§ **Problem to solve**
Below are entries. Reproduce exactly the lines between the line holding "ちょうどいい、が嬉しい。グラ" and the line holding "وَاصْبِرْ عَلى ما", inclusive, and only those.

§ **Stored records**
+ + + + + + +

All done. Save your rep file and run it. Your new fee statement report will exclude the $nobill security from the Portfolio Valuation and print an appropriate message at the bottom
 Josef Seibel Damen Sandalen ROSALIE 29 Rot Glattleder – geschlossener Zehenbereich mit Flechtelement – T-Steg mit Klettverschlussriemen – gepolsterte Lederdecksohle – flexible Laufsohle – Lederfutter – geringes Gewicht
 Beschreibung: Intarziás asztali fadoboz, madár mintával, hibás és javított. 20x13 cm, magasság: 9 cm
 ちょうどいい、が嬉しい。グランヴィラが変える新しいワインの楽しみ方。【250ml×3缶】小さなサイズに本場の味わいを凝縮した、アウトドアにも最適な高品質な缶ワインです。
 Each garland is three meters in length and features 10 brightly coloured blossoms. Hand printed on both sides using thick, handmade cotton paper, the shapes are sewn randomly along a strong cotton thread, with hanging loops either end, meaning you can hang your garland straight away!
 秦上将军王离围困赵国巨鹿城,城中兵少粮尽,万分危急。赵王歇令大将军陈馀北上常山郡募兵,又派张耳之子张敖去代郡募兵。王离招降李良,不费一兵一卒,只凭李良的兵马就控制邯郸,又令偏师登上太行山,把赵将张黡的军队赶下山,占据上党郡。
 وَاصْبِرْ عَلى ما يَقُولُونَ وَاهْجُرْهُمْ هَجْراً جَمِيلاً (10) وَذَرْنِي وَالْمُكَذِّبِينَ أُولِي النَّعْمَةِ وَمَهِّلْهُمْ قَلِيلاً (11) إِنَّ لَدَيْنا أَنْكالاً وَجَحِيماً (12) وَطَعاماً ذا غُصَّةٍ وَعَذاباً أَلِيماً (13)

+ + + + + + +

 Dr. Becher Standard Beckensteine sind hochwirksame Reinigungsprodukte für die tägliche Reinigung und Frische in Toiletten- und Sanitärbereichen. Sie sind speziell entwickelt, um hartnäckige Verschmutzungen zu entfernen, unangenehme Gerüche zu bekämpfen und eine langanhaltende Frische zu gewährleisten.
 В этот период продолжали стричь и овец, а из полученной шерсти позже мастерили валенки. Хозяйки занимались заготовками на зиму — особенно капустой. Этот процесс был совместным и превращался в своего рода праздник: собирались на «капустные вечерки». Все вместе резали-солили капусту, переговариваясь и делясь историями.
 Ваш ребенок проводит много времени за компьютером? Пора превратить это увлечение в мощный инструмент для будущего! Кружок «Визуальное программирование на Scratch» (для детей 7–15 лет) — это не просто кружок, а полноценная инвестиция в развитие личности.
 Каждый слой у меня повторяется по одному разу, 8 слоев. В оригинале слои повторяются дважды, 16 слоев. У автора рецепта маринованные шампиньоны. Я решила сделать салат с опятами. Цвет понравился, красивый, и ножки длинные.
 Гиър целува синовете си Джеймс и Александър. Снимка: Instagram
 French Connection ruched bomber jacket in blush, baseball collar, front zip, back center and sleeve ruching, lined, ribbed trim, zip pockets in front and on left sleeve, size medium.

+ + + + + + +

§ **Solved exercise**
 ちょうどいい、が嬉しい。グランヴィラが変える新しいワインの楽しみ方。【250ml×3缶】小さなサイズに本場の味わいを凝縮した、アウトドアにも最適な高品質な缶ワインです。
 Each garland is three meters in length and features 10 brightly coloured blossoms. Hand printed on both sides using thick, handmade cotton paper, the shapes are sewn randomly along a strong cotton thread, with hanging loops either end, meaning you can hang your garland straight away!
 秦上将军王离围困赵国巨鹿城,城中兵少粮尽,万分危急。赵王歇令大将军陈馀北上常山郡募兵,又派张耳之子张敖去代郡募兵。王离招降李良,不费一兵一卒,只凭李良的兵马就控制邯郸,又令偏师登上太行山,把赵将张黡的军队赶下山,占据上党郡。
 وَاصْبِرْ عَلى ما يَقُولُونَ وَاهْجُرْهُمْ هَجْراً جَمِيلاً (10) وَذَرْنِي وَالْمُكَذِّبِينَ أُولِي النَّعْمَةِ وَمَهِّلْهُمْ قَلِيلاً (11) إِنَّ لَدَيْنا أَنْكالاً وَجَحِيماً (12) وَطَعاماً ذا غُصَّةٍ وَعَذاباً أَلِيماً (13)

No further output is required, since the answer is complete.